For white chocolate, the working temperature is between 85 and 87 degrees. Milk chocolate works best at 86 to 88 degrees, and dark chocolate—which Trinque said is the easiest to work with—tempers best at 88 to 90 degrees.

She must constantly stir the chocolate, checking the temperature with a laser thermometer. Even with the precision of the laser, she still needs to test the chocolate. This time, the tool is a simple metal spoon that she dips into the chocolate.

She then lets it cool for exactly three minutes. When the chocolate sets, it's ready to go. Trinque has to move fast to prevent the mass from becoming too thick.

Trinque has three tempering machines, one for each type of chocolate. They are always kept at the ideal temperature; a huge blade is attached for stirring the chocolate. As scientific as the process is, two of the machines are heated only by large light bulbs, like a child's Easy-Bake oven.

This morning, there is a mass of white chocolate in a melter. Trinque works the chocolate for about 20 minutes, taking its temperature every few minutes. After several spoon tests, the chocolate is ready.

Trinque pulls out heart-shaped molds that she filled yesterday with a layer of white chocolate, plus the passion-fruit filling, and spreads the perfectly tempered chocolate over the top (which will become the bottom) of the bonbons. It looks easy, but precision is needed. The sweet treats will then set for about 30 minutes before she removes them from the mold.

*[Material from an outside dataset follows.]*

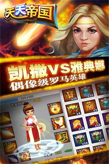 棋牌策略 / 2021.06.06 更新天天帝国内购破解版是由上一款策略塔防类手机手游。在该款手游当里,玩家将亲手统领你的军团再这样一片沙场里打造出属于你自己的帝国,手游的玩法上还是相当的丰富的,都环绕着盟友.英雄.副本.兵种.布防玩法作为核心玩法而开始的,带给玩家一种最真正的罗马古战场手游体验。

The bonbons, which are made of a hard ganache, need to be cut into individual pieces. Trinque uses a tool called a guitar for this next step. The guitar works on the same principle as a wire egg-slicer, only it's bigger, square and made of metal.

The chocolate is poured into a frame and placed on the guitar. Then Trinque pulls down the lid. Voilà! Bonbons!

There is one, final step: twice hand-dipping each bonbon in the tempering machine. Called enrobing, it's a true labor of love, and the results are worth it. Trinque hopes to have an enrobing machine soon as part of her arsenal. She called it the "Lucy and Ethel" machine, referring to the iconic chocolate-factory scene from I Love Lucy.

A warren of glossy chocolate bunnies connected by a solidified puddle of chocolate sits on the table. One bunny, carrying a basket, is 2 feet tall. Others, with big eyes, are only a few inches high. Some have floppy ears. One is riding a motorcycle. Most have been painted with tiny details.

These are Easter bunnies, of course, and because chocolate at this stage still has a long shelf life—about six weeks—these guys will still be as delicious as they are pretty come Easter Sunday. Last year, Sabino sold nearly 1,000 of them.

Before she opens the store doors, Trinque will free the bunnies from their chocolate puddle, un-mold the Passionate Hearts (which reveal a bright, colorful swirl that she painted in the mold with colored cocoa butter), put them in the display case and set out blocks of luscious-looking fudge.

Trinque then puts on her retail hat. It's time to open the store.